In the winter of 1972 Lesley Whittaker, a surveyor and property agent, bought a copy of Playboy magazine in which there was an interview with Paul R. Ehrlich about overpopulation. This article inspired Whittaker and her husband Tony, a former Kenilworth councillor for the Conservative Party, to form a small group of professional and business people called 'Club of Thirteen', so named because it first met on 13 October 1972 in Daventry. This 'Club' included surveyors and property agents Freda Sanders and Michael Benfield, who had similar ideas to the Whittakers, and worked with them in their practice in Coventry.
Formation
Many in this 'Club' were wary of forming a political party however after a few weeks in November 1972 the Whittakers, Sanders and Benfield agreed to form 'PEOPLE' as a new political party to challenge the UK political establishment. Its policy concerns published in 1973 included economics, employment, defence, energy supplies, land tenure, pollution and social security, as then seen within an ecological perspective. Subsequently recognized as perhaps the world's earliest Green party this had the first edition of the Manifesto for a Sustainable Society as a background statement of policies inspired by A Blueprint for Survival. The editor of The Ecologist, Edward 'Teddy' Goldsmith, merged his Italian 'Movement for Survival' with PEOPLE. Goldsmith became one of the leading members of the new party during the 1970s.

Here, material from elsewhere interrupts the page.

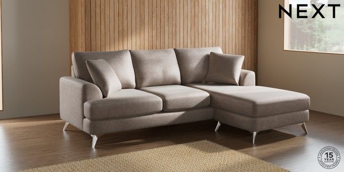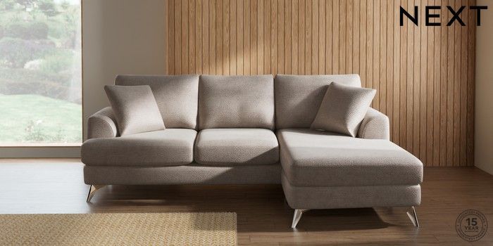 7.2.10 Parker Small Sofa Chaise - Universal Boucle Chenille Light Natural High Metal - Chrome | Made Click here to use our website with more accessibility support, for example screen readers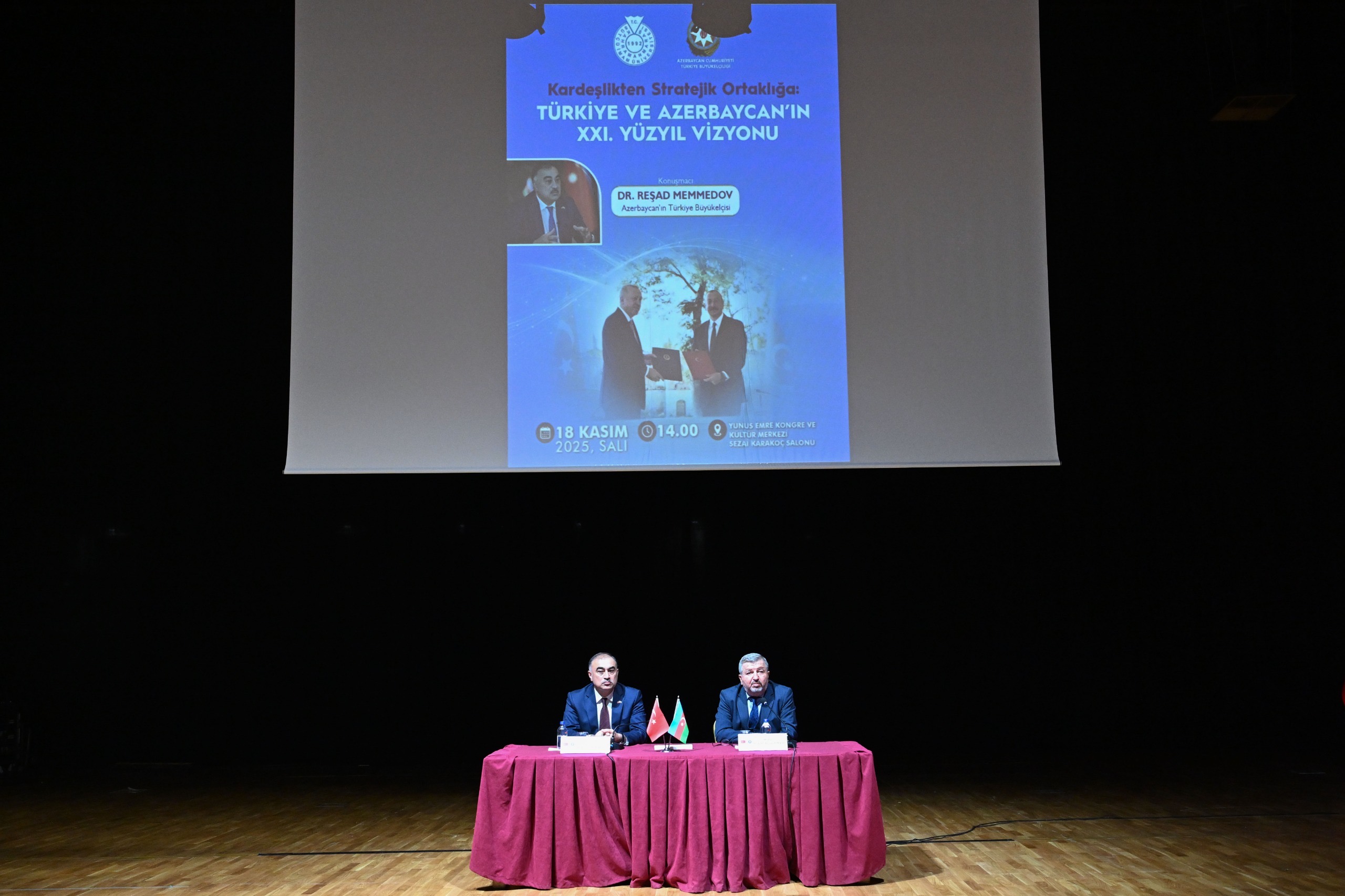 Yunus Emre Kongre ve Kültür Merkezi Sezai Karakoç Konferans Salonu'nda düzenlenen etkinlikte, Azerbaycan'ın Türkiye Büyükelçisi Dr. Reşad Memmedov, iki ülkenin geleceğe yönelik güçlü işbirliği adımlarını ve Türk Coğrafyasındaki rolünü masaya yatırdı.

The party stood six candidates in the February 1974 General Election. They received a total of 4,576. The party lost all of its deposits by failing to win 12.5% of the votes cast, namely a total of £900. Lesley Whittaker and Edward Goldsmith were two of the six who stood in the election.

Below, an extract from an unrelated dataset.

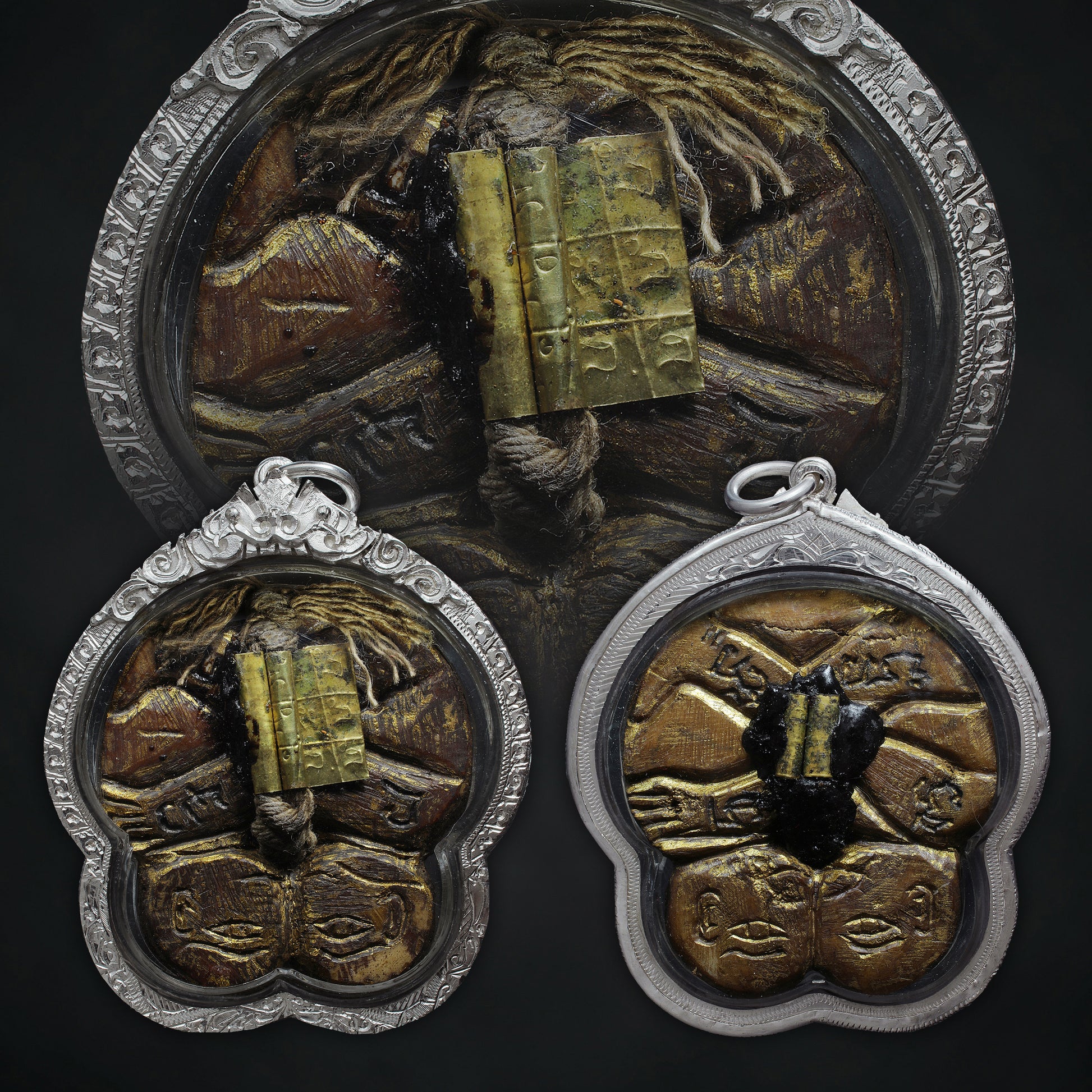 Recognizing the sacred alignment between the relic’s natural potency and the twin spirits’ energy, Por Sala Tan performed an extended liberation ritual to anchor them into this hand-carved piece. The form was shaped deliberately in the upside-down Yintong posture, symbolizing reversal of conflict, restoration of unity, and transformation of emotional imbalance into lasting connection.

Membership rose and the party stood five candidates in the October General Election which cost the party £750. This affected preparations for that election, when PEOPLE's average vote fell to just 0.7%.
Constituency
Candidate
Votes
Percentage
Position
Birmingham Northfield
Elizabeth A Davenport
359
0.7
4
Coventry North West
Lesley Whittaker
313
0.8
4
Hornchurch
Benjamin Percy-Davies
797
1.8
4
Leeds East
Norma Russell
327
0.7
4
Romford
L H C Sampson
200
0.5
4
1975 conference
After much debate, the party's 1975 conference adopted a proposal to change its name to the Ecology Party to gain more recognition as the party of environmental concern. Party co-founder Tony Whittaker noted in an interview with Derek Wall '… voters did not connect PEOPLE with ecology. What I wanted was something that the media could look up in their files so that, when they wanted a spokesman of the issue of ecology, they could find the Ecology Party and pick up the phone. It was as brutal and basic as that. PEOPLE didn't communicate what we had hoped it would communicate'. Derek Wall, in his history of the Green Party, contends that the new political movement focused initially on the theme of survival, which shaped the "bleak evolution" of the nascent ecological party during the 1970s. Furthermore, the effect of the "revolution of values" during the 1960s would come later. In Wall's eyes, the party suffered from a lack of media attention and "opposition from many environmentalists", which contrasted the experience of other emerging Green parties, such as Germany's Die Grünen. Nonetheless, PEOPLE invested much of its resources in engaging with the indifferent environmental movement, which Wall calls a "tactical mistake".